WASHINGTON (ABP) — A judge has overturned an Arkansas state policy banning the placement of foster children in any household with a gay adult, saying the state agency that created it had unconstitutionally overstepped its bounds.
Pulaski County Circuit Judge Timothy Fox ruled Dec. 29 that the Arkansas Child Welfare Agency Review Board could not enforce the policy because it has no authority under the Arkansas Constitution to regulate “public morality.”
The foster-care ban was the only one of its kind in the nation. But Arkansas law does not ban gays and lesbians from adopting children permanently.
Arkansas legislators gave the welfare agency the responsibility to “promote the health, safety and welfare of children,” Fox said. However, he added, the ban on gay foster parents and household members did nothing to further that goal, and that the ban was a bureaucratic attempt to influence public policy on issues that go beyond child welfare.
“The testimony and evidence overwhelmingly showed that there was no rational relationship between the … blanket exclusion [of households with gay members] and the health, safety and welfare of the foster children,” Fox wrote in the opinion accompanying his order.
The ruling came in a lawsuit filed by the American Civil Liberties Union on behalf of a gay Little Rock couple, a lesbian from Fayetteville, and a married heterosexual man from Waldron who has a gay adult son who sometimes lives at home. All were banned from serving as foster parents under the policy.
“Throughout this case, the state has relied on ugly stereotypes to deny children in the Arkansas foster-care system the chance of having the widest possible pool of foster families available to them,” said Rita Sklar, the ACLU of Arkansas' director. “We're very pleased that the court saw through these arguments and has recognized that gay and lesbian people can provide homes just as loving and stable as anyone else's.”
However, while Fox found that the state had not proved living in a household with a gay adult present had any detrimental effect on children, his decision also did not turn on the main argument that the ACLU put forth. Their attorneys had argued the ban denied gay and lesbian Arkansans equal protection of the law. Fox said state law does not treat homosexuals separately from heterosexuals as a protected class of citizens, like women or ethnic minorities.
Kathy Hall, the state's main attorney in the case, had argued that the kinds of children commonly put in foster-family situations need stability and normalcy in their lives. “What we were talking about was the welfare category, and that's the stress level, and that's a huge category for these children,” Hall said, according to the Associated Press.

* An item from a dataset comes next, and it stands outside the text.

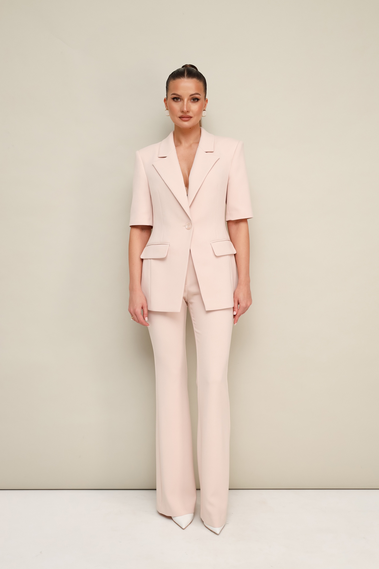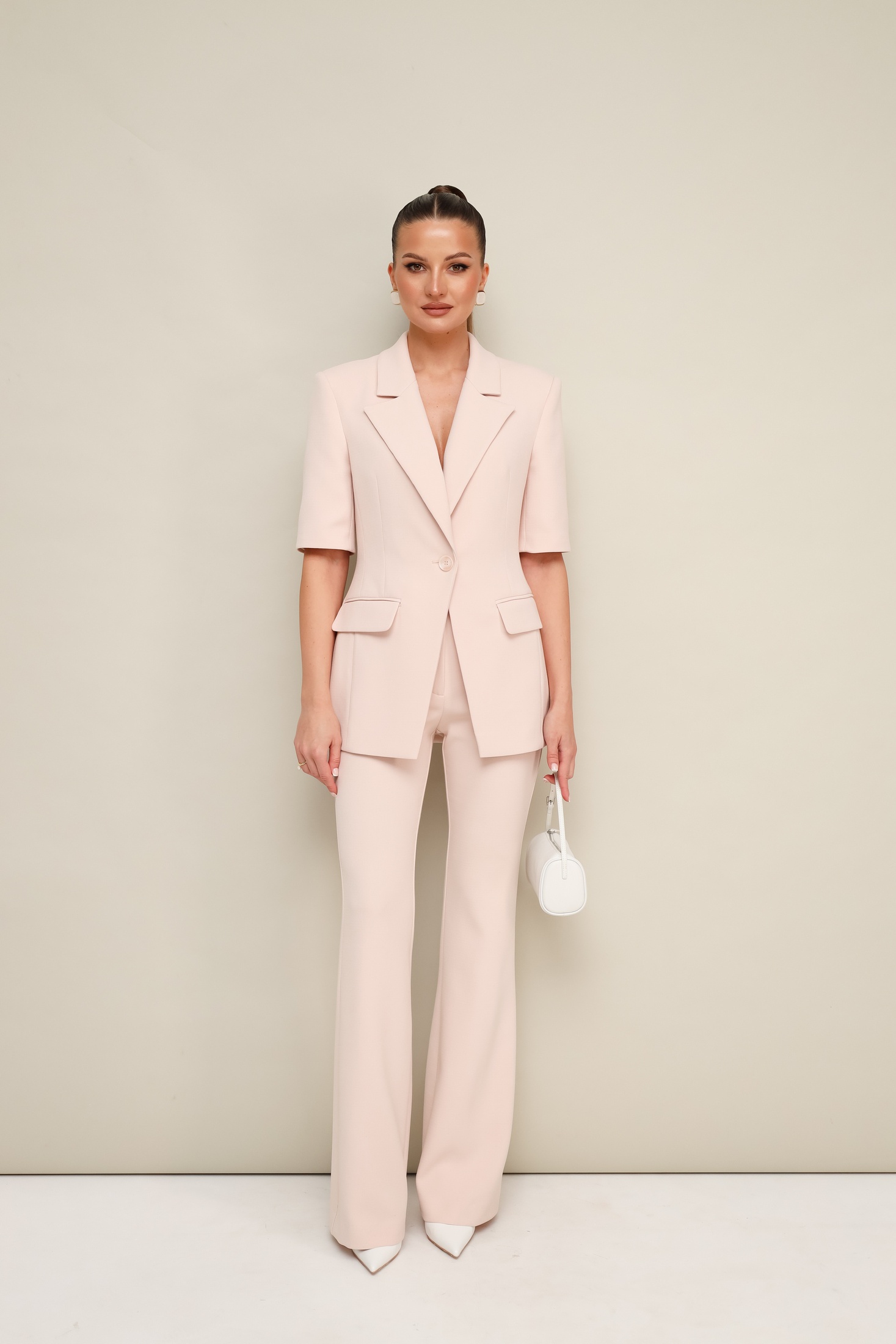 Костюм брючный 11-470 Pur Pur — воплощение стиля и функциональности. Коллекция бренда Pur Pur предлагает двухпредметный комплект из жакета и брюк, выполненный из костюмной ткани с полиэстером, вискозой и спандексом, обеспечивающих комфорт и долговечность. Жакет с петлей и пуговицей, а воротник пиджачного типа с лацканами создают классический стильный вид. Двухшовные рукава длиной до локтя делают его идеальным для офисного или повседневного гардероба. Брюки-клеш с силуэтом bootcut и притачным поясом обеспечивают удобную посадку и элегантность. Резинка на спинке добавляет комфорта и регулирует размер. Кремовый цвет костюма хорошо подходит для весенне-летнего сезона, подчёркнутый продуманными деталями, такими как карманы с клапанами.

State officials have vowed to appeal the ruling, but Fox's opinion noted that the legislature could act to give the agency the authority to resurrect the ban — or pass a law doing the same.
The policy on foster parents was established by administrators appointed by Gov. Mike Huckabee (R), who is a former pastor and a past president of the Arkansas Baptist State Convention.
While no other state bans gay foster parents, three states — Florida, Utah and Mississippi — have some sort of restriction on gay individuals or couples who want to adopt children. A federal appeals court recently upheld the Florida law in the face of a challenge to it, but that decision has been appealed to the Supreme Court.